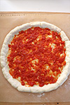 フォークで軽く空気を抜き、ピザソースを薄く塗る。
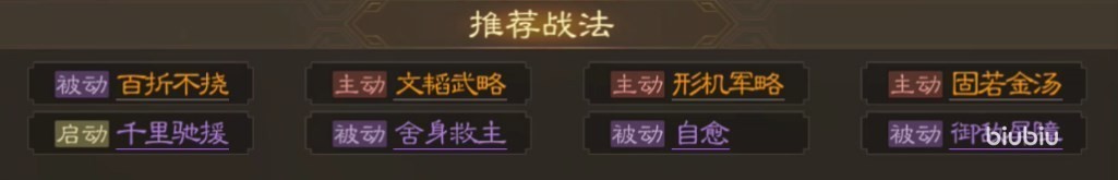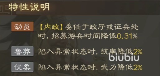 除了技能以外,他还有三种特性属性,其中一个的效果是在其任职与政厅或者征兵处的情况下,可以降低招募游兵的时间。另外两个是在角色进入负面状态的时候,就会降低其统率数值和武力值,由此可见后面两个都是不好的能力。所以大家在使用的时候要注意一些。
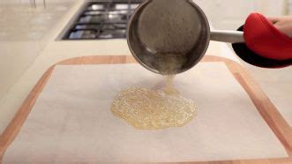 Quando avrai ottenuto uno sciroppo denso, trasparente, solo appena giallino e pieno di bolle, spegni il fuoco e versa subito lo sciroppo su un foglio di carta forno posizionato su di una superficie che non patisce il calore, come ad esempio un tagliere di legno.

┄┄┄┄┄┄

## [WHAT YOU NEED TO DO]
Make an exact reproduction of the listing above, without any pictures.

## [WRITTEN ANSWER]
 フォークで軽く空気を抜き、ピザソースを薄く塗る。
 除了技能以外,他还有三种特性属性,其中一个的效果是在其任职与政厅或者征兵处的情况下,可以降低招募游兵的时间。另外两个是在角色进入负面状态的时候,就会降低其统率数值和武力值,由此可见后面两个都是不好的能力。所以大家在使用的时候要注意一些。
 Quando avrai ottenuto uno sciroppo denso, trasparente, solo appena giallino e pieno di bolle, spegni il fuoco e versa subito lo sciroppo su un foglio di carta forno posizionato su di una superficie che non patisce il calore, come ad esempio un tagliere di legno.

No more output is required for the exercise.